Surprise discovery related to the polar auroras of Jupiter
Jupiter may possess polar auroras similar to those on Earth, but the emissions coming from the auroras on Jupiter have characteristics that continue to surprise scientists. One of the special characteristics of the Jovian auroras is that some of Jupiter’s satellites are able to cause auroral spots on the planet surface. The 2007 observation program using the Hubble telescope revealed the existence of a faint secondary spot not far from the primary spot connected with the satellite Io, but located in a place no model had predicted. Bertrand Bonfond has imagined a different scenario that is capable of accounting for the presence of the small spot that is sometimes in front of and sometimes behind the main spot.

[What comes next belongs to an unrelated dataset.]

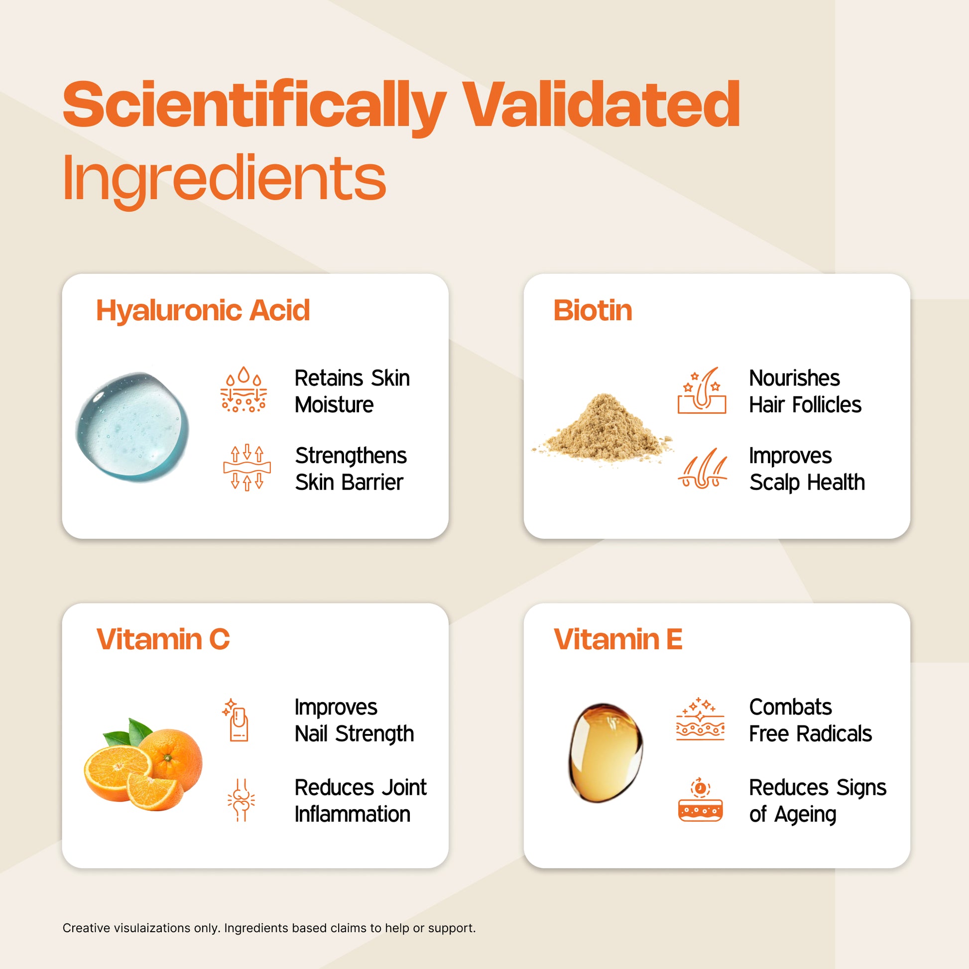 Promotes healthy hair growth, strengthens nails, and nourishes skin from within.

Under the direction of Professor Gérard, the planetologists of LPAP have been studying the phenomenon of auroras on Jupiter and Saturn using Hubble-produced images for the last 15 years. They have been able to show, for example, that the role of solar winds in the formation of auroras on Jupiter is very small. Their origin is principally internal within the Jovian system, and connected to the Jupiter-Io system in particular.
The system formed by the planet Jupiter and one of its satellites, Io, is extremely unusual. Jupiter is the largest planet in the solar system, and it has the most powerful magnetic field. Io has 200 volcanoes in permanent eruption, and is the most volcanic satellite in the solar system. These volcanoes project a ton of matter every second into space, and when this material becomes ionized, it gets trapped by the magnetosphere of Jupiter. Next, it is fed into a plasma torus (ring) that is concentrated in the vicinity of Io’s orbit around Jupiter (think of a large doughnut lying around the planet). This torus is spun around by Jupiter’s magnetic field at a speed four times that of Io itself: the magnetic field itself completes a revolution in ten hours, while it takes Io 42 hours to revolve around the planet. In addition, since Jupiter’s magnetic axis is tilted relative to its axis of rotation, the plane of the plasma torus is tilted in relation to the orbital plane of Io. Thus Io is not always situated at the center of the torus, but is always drifting upward and downward within the torus. The interaction between the magnetosphere of Jupiter and the plasma thrown off by Io is responsible for the auroras observed in Jupiter’s upper atmosphere, whereas on Earth this is the result of interaction between the magnetosphere and the solar wind. As on Earth, auroral emissions appear simultaneously at both poles.